Al día siguiente le dieron una entrevista a Telefé porque dijo que lo entendieron como una oportunidad de aclarar todo. Después supieron que Uliarte les mintió en distintas cosas y que por eso decidieron ir a declarar a la policía.
Los llevaron a los tribunales de Comodoro Py a declarar como testigos. Carrizo dejó su celular, dio la clave. Cuando días después lo llamaron para que lo vaya a buscar quedó detenido.
Los mensajes
En su celular se encontraron mensajes donde habla de la organización del atentado. Son del mismo 1 de septiembre y se los envió a Andrea Posadas, su hermanastra: “Esto estaba planificado para dentro de una semana. Hizo todo mal. Es un pelotudo”; “estamos decididos a matarla a puta esa”; “Cristina tiene miedo. Salió mal, pero tiene miedo”; “mi amigo estuvo a un segundo de convertirse en héroe nacional, Andrea. Estuvo muy cerca. Falló el arma. No lo entiendo. Andaba bien”; “mirá, no sé si es una buena noticia, pero el arma con la que intentó ponerla no es la mía, yo le di un 22 corto... Recién hablé con la novia y la tiene ella, así que mañana la vamos a ocultar y vamos a ir a Crónica a hablar”.
Sobre esos mensajes dijo: “Cuando pasó lo del atentado abrí el celular y salían muchos memes, comentarios, cosas que se tiran para el chiste. Yo me prendí de eso"
"Primero fue a la hija de la pareja de mi papá, sobre que éramos una organización, la empecé a joder. La idea era que se coman el verso. Tengo ese humor, hacerle creer algo a alguien para que tenga una reacción. Y a Jonatan Posadas , que está en el Polo Obrero, le dije que estaba todo organizado. A un amigo le dije que íbamos a matar al jefe de la izquierda.
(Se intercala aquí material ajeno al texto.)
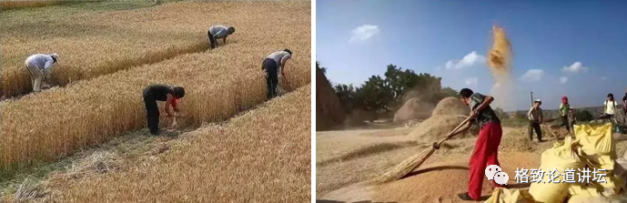 我觉得更重要的,是我们高质量发展的内生需求。在前三次工业革命中,我们国家都大幅落后于世界。比如在十几年以前,大家还在用上图的方式收粮食。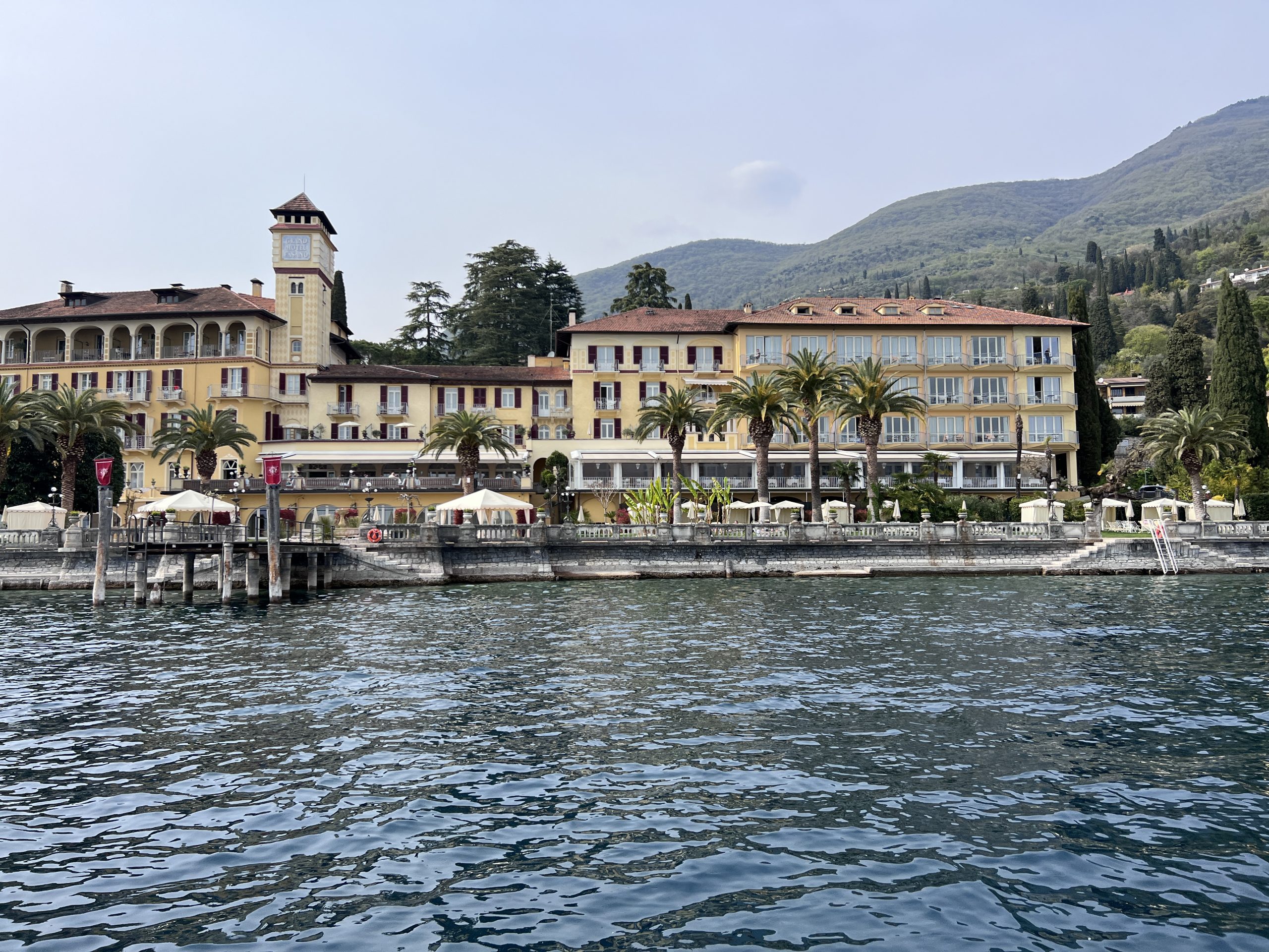 Mit Captain Justus cruise ich am Grand Hotel Gardone vorbei zu einem kleinen Ausflug entlang des Ufers, um Neubauten zu inspizieren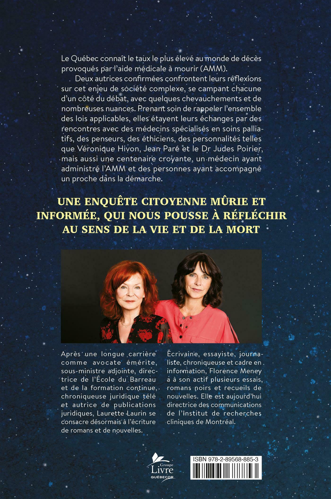 se campant chacune d'un côté du débat, avec quelques chevauchements et de nombreuses nuances. Prenant soin de rappeler l'ensemble des lois applicables, elles étayent leurs échanges par des rencontres avec des médecins spécialisés en soins palliatifs, des penseurs, des éthiciens, des personnalités telles que Véronique Hivon, Jean Paré et le Dr Judes Poirier,
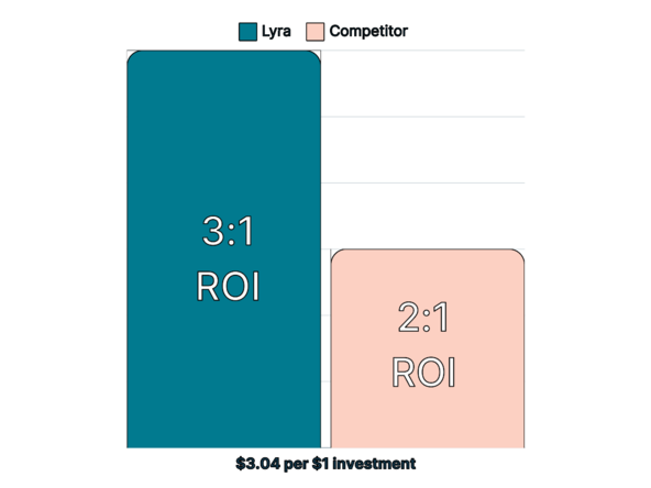 A study at a Fortune 500 company showed a savings of $3.04 per $1 investment. The result was independently confirmed by the AON report and is 50% higher than its competitors. The report by consulting firm AON analyzed insurance claims data from 30,000 people in the manufacturing, consumer goods and technology industries. It showed that Lyra participants incurred an average of 26% lower health care costs over four years.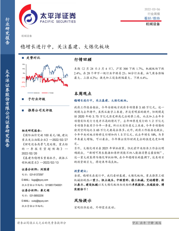 【太平洋证券】【20220306】20220306-太平洋-机械设备行业周报:稳增长进行中,关注基建、大炼化板块-16页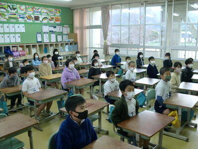 本日の終業式は、寒さ対策のため、リモートで実施しています。この様子は、のちほど紹介します。

La realidad es que no conozco a nadie, no sé quién es el jefe de la izquierda. En su momento les juro que nunca me lo tomé con la seriedad que tenía que ser. Hace un año y nueve meses que me estoy castigando por eso. Lo que dije nunca fue cierto, fue en joda”.
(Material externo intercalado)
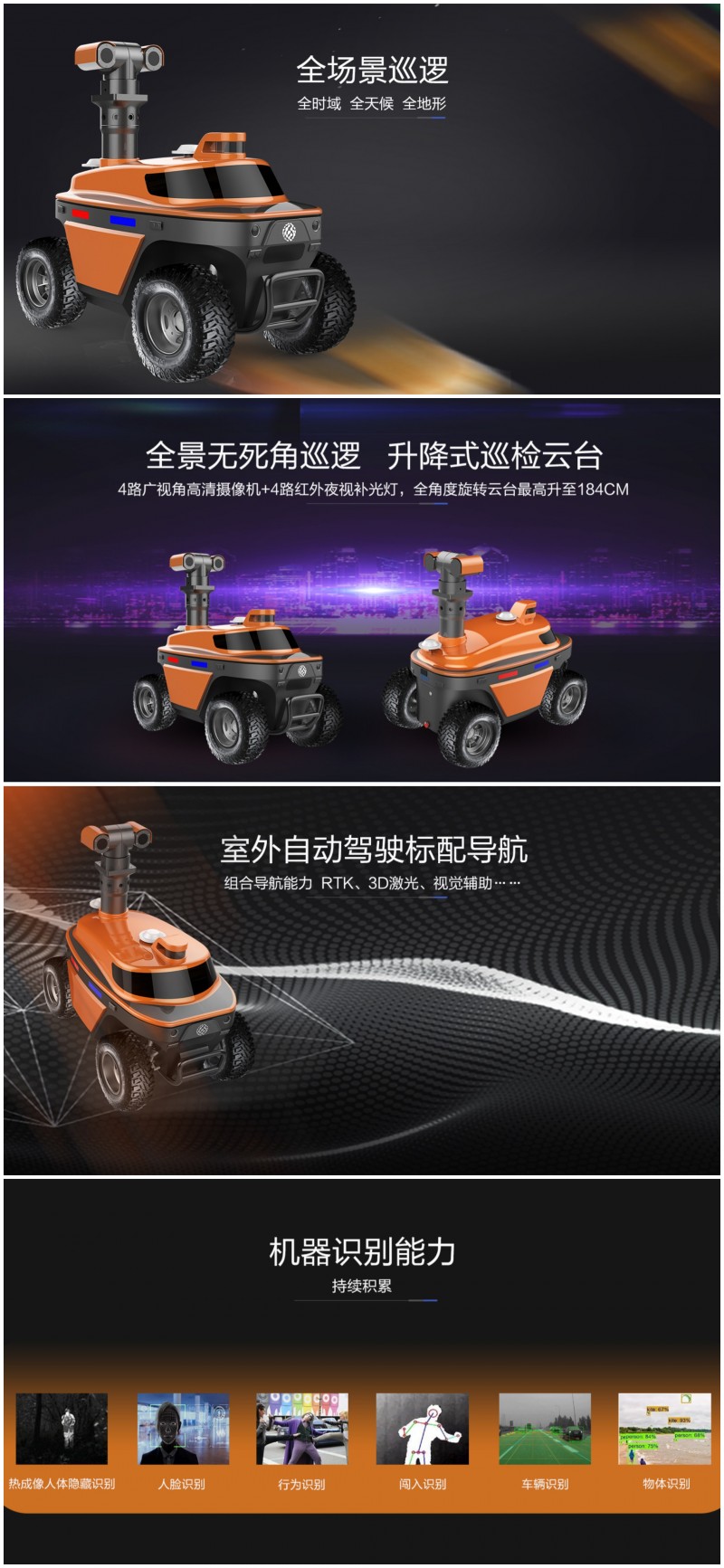 千巡O2安防機(jī)器人:業(yè)內(nèi)***高巡航速度10公里/小時(shí);4路廣視角高清攝像機(jī)+4路紅外夜視補(bǔ)光燈,全角度旋轉(zhuǎn)云臺(tái)***高升至184cm。

“No puede ser que por esto esté acá. No lo puedo creer. Las cosas que me desvinculaban del caso nunca las tomaron en cuenta. Lo que declaré nunca me creyeron. Si pudiera volver el tiempo atrás, ni siquiera la hubiese ayudado a ella. Cometí dos errores. Mandar los mensajes y ayudarla a ella”, dijo Carrizo.
“Es por lógica que son chistes, son jodas que hice. En ningún momento le pasé un arma a ella nunca le di a un arma a nadie, nunca tuve un arma en mi mano, nunca disparé, no sé nada de eso. Lo único que quería era que se coman el verso”, declaró.
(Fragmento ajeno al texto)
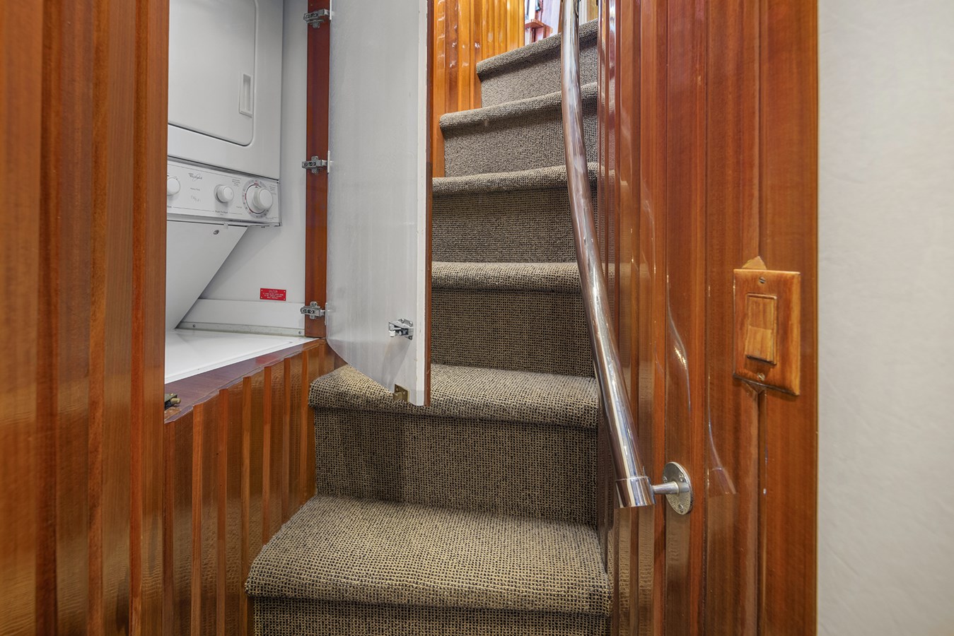 • Access to the Flybridge from the Pilothouse is up a couple steps thru a Plexiglas door w/custom stainless steel pins to lock pins to lock door.

Dijo que no sabía nada del atentado que hizo Sabag Montiel y que nunca cruzó mensajes sobre el tema. “Por qué no me ponen el aparato ese que te ponen para decir la verdad”, pidió.
“No tengo nada en contra de Cristina, jamás mataría a una persona. Es una locura. Mis objetivos es otra cosa. Ni en pedo, ni loco me voy a meter en algo así. Le quiero pedir perdón si ofendí a la señora Kirchner”, finalizó.